Будь эта женщина ему безразлична, он бы, наверное, сейчас разбил ей лицо или посадил в подвал, лишив еды дня на три, это пошло бы ей на пользу. Но так получалось, что она имела над ним власть; и поэтому могла позволить себе обходиться с ним, как ей заблагорассудится. Ани продолжала огрызаться:

— Давно ты виделся с Диялой?

— Дияла? Ты говоришь о дочери Шимшона? О твоей подруге? Зачем мне с ней видеться?!

Его растерянность она приняла за признание, а негодование — за желание скрыть правду. И это взбесило ее еще больше. С шумом отодвинув миску, опрокинув кубок с вином, Ани со слезами на глазах вскочила из-за стола, выпалила в сердцах:

— Потому что Шумун встречается с Диялой! — и бросилась прочь, оставляя мужа в одиночестве и полном недоумении.

И тем не менее Бальтазар спокойно доел похлебку, с аппетитом разобрался с мясом, облизав все пальцы; единственное, чем отличался этот ужин от другого, — большим количеством вина. Сегодня он увеличил свою норму втрое. Что удивляло — голова от этого становилась только яснее.

«Выходит, Арица ни о чем не знает, — напряженно думал он. — Дияла не хочет поднимать шум. Она обвела мою жену вокруг пальца и, конечно, ни о чем не скажет своему брату».

Ночью Бальтазар тайными путями покинул дом, проник во дворец царя, добрался до резиденции Арад-бел-ита.

Набу-шур-уцур уже ждал его вместе с Хатрасом около входа.

— Вывезешь его из дворца так, чтобы никто не видел. Шумун будет у Шели после полудня.

— Ступай, я догоню тебя, — приказал Бальтазар скифу, желая остаться с Набу наедине.

Хатрас равнодушно посмотрел на Бальтазара, но даже не подумал подчиниться.

— Иди, иди, — ласково произнес молочный брат принца, по-дружески похлопав скифа по плечу.

Только тогда Хатрас не спеша шагнул вперед, через какое-то время он скрылся в сумерках.

— Тебе надо помнить, что это не человек, — провожая его взглядом, сказал Набу. — Это дикий волк. Приручить его не удастся. Будь с ним осторожен.
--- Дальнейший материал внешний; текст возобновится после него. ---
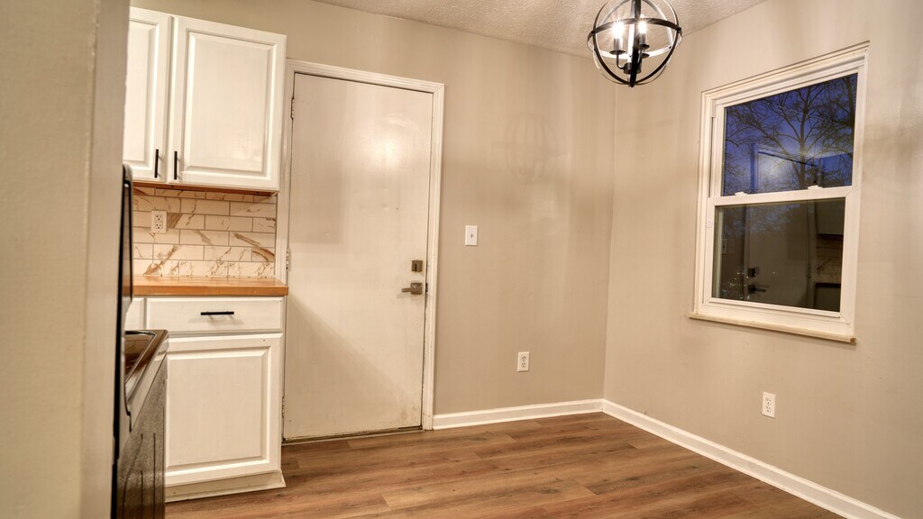 Welcome to this beautifully updated 3-bedroom, 1-bath top unit duplex featuring all main-level living and a 1-car garage downstairs and more parking included. Enjoy a spacious yard surrounded by nature, perfect for relaxing or entertaining. Inside, you'll find a bright open living area with new flooring throughout, a modern kitchen with butcher block countertops, stainless steel appliances, and a stylish backsplash. The bathroom features updated tile, a newer vanity, and contemporary fixtures, plus there's a convenient laundry room. Located in a peaceful area, yet just minutes from shopping, dining, and major highways. ?? Available now! Please message to schedule a private showing. ¡HABLO ESPAÑOL!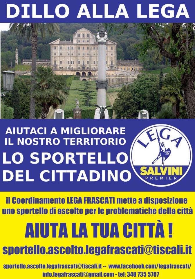 La Lega Frascati, in accordo con il Coordinamento Area Castelli Romani presenterà “Lo Sportello del cittadino”, uno strumento che permetterà ai cittadini di poter segnalare alla Lega le problematiche del proprio quartiere o della propria comunità, in modo che dopo essere stato approfondito, la Lega possa fare da interlocutore nei confronti dell’amministrazione.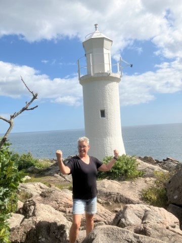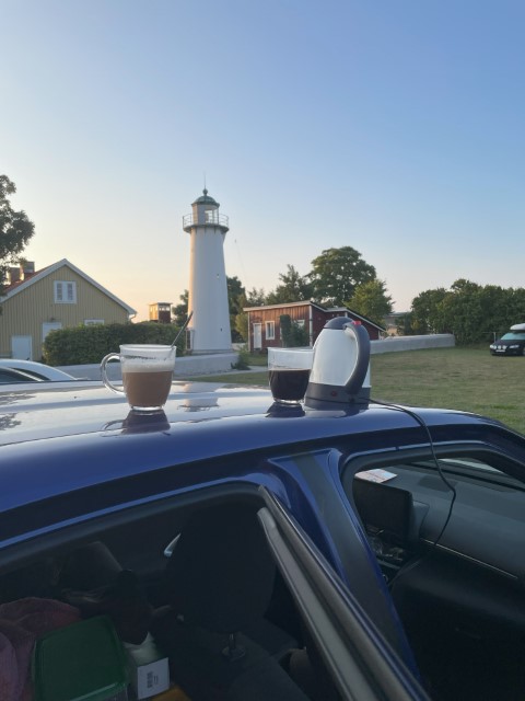 We gaan naar het zuidelijkste punt van Zweden bij Smygehuken genieten van ons ontbijt met koffie. We zijn blij met de koelboxen de waterkoker.Ook is er een mooie zonsopgangen een vuurtoren.

— Что мне делать с ним после того, как он станет не нужен?

— А кто тебе сказал, что он станет не нужен? Арад-бел-ит говорил с ним два часа на его родном языке. О чем — даже я не знаю. Ты должен просто забыть о его существовании. Тем более, что для всех Шумуна убьет Арица.

О том, что Арица ничего не знает ни о Шумуне, ни о Шели, Бальтазар говорить не стал.

* * *

На следующий день по случаю праздника в честь рождения Ашшур-аха-иддина, соправителя царя Син-аххе-риба, на площадях, прилегавших ко дворцу принца, были расставлены столы с яствами и напитками. Доступ — всем желающим. Многочисленных гостей, заполонивших улицы, встречали царица Закуту, обе жены ее сына, Набу-дини-эпиша, наместник Ниневии. Царский глашатай возвещал многие лета принцу Ашшуру и его родителям, благодарил богов за крепкое здоровье и мир в семье, за силы, данные для покорения взбунтовавшейся нечисти, за ясное небо в этот праздничный день, за обильный урожай, что принесет это лето Ассирии…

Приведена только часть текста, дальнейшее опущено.